Various Claimants v WM Morrisons Supermarket PLC

Can a business be held vicariously liable for the actions of an employee who deliberately breaches its data protection policies and data protection law?

The background

In 2013 Andrew Skelton leaked the payroll data of almost 100,000 Morrisons employees.  Mr Skelton retained a copy of the payroll master file without his employer’s knowledge and posted the information to a file-sharing website. 

5,518 affected employees brought claims for compensation.  They alleged that Morrisons had breached their duties under the Data Protection Act 1998 (DPA) and were liable for the common law torts of misuse of private information and breach of confidence. 

The court at first instance found that Morrisons had taken appropriate technical and organisational measures to safeguard personal data. It held that the business had not breached its duties under the DPA, but that it was vicariously liable for misuse of private information and breach of confidence by Mr Skelton.

Morrisons appealed the second issue to the Court of Appeal.

The decision

The Court of Appeal rejected Morrisons’ arguments.  Their reasoning affirmed the conclusions reached by Langstaff J in the High Court.  The key points in the judgment were as follows:

• the DPA does not exclude vicarious liability for misuse of information or breach of confidence.Whilst the provisions of the DPA only require that reasonable measures are taken to protect personal data, strict liability is still possible under the common law.Parliament would have made it clear in the statute if they intended to exclude this type of liability
• Morrisons was vicariously liable for Mr Skelton’s actions.His malicious intentions when leaking the information did not prevent this from being made out.The court agreed with Langstaff J’s opinion that the incident occurred through an unbroken chain of events.

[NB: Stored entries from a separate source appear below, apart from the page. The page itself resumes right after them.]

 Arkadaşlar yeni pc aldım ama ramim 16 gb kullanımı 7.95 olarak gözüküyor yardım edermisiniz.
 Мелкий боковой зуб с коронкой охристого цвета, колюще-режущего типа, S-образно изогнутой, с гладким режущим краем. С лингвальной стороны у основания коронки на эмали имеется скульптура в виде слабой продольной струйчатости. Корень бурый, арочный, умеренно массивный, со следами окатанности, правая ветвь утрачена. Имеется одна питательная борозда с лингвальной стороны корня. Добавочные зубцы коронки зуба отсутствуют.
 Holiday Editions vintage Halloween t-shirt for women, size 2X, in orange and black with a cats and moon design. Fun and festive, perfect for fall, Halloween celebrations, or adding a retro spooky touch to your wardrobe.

The Court of Appeal refused Morrisons permission to appeal.  However, Morrisons have indicated that they will attempt to take their case to the Supreme Court. 

Why is this important?

Even if businesses commit considerable resources to ensuring data compliance, they can still be held liable for the actions of a rogue or careless employee.  The costs involved in defending group litigation can be enormous.  Businesses should actively consider taking steps to minimise the risk of such incidents and limit their exposure. 

Any practical tips?

The Court of Appeal referred to the role of cyber insurance in their judgment.  Those concerned about the potential impact of a data breach should review their insurance policies.  Businesses should check that they have suitable coverage in terms of the heads of losses and the liability for individual and aggregate claims.  Having said this, it must be questioned as to how far insurance cover could extend to the potentially enormous (terminal?) liability created by class actions for data breach.

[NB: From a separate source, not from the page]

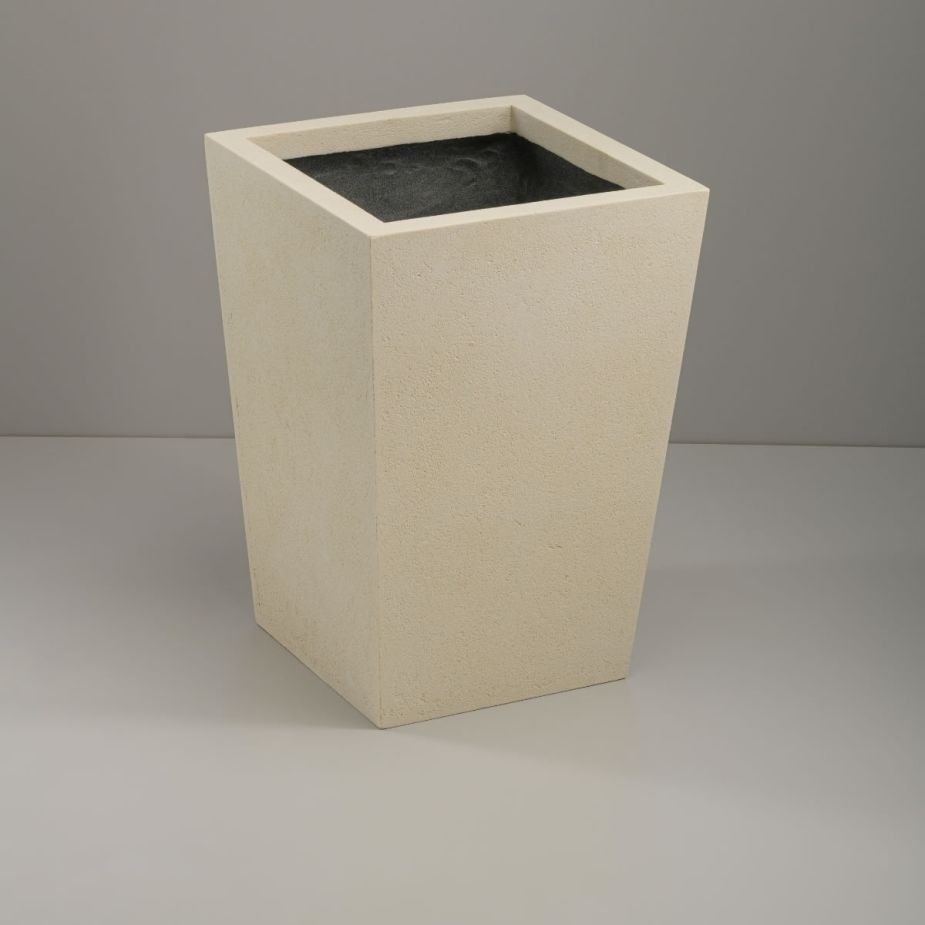 Кашпо напольное «Evabrick Pyramid» из полимербетона для цветов и декоративных растений объёмом 39 литров, размером 50 на 35 см, весом 14 кг, в форме пирамиды бежевого цвета.

Another step that concerned parties can take is to ensure that they have access to a consolidated breach response service (like RPC’s ReSecure).  Following a breach, response services can provide relevant professional support from forensic IT experts and specialist lawyers, and limit the consequences of a breach. These services are offered as a benefit of some cyber insurance policies.

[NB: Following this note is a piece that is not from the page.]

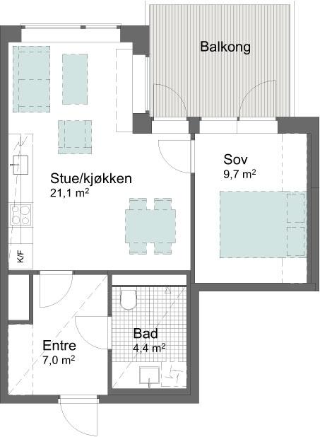 Luftig 2-roms med 2,60m takhøyde, store vindusflater lys en-stavs eikeparkett.

In terms of prevention strategies, IT policies can be designed to restrict the use of USBs and personal email addresses (which are often culprits in data breaches).  IT teams can also monitor for breaches of IT policy and look into potentially suspicious activity.  There is software available on the market which allows IT teams to identify spikes in data retrieval.

In short, no stone should be left unturned in the quest to limit the risks of a severe data breach.  The consequences of a class action include the possibility of astronomical aggregate damages claims (not even counting GDPR-level fines).  These could be enough to sink almost any business, however strong their balance sheet.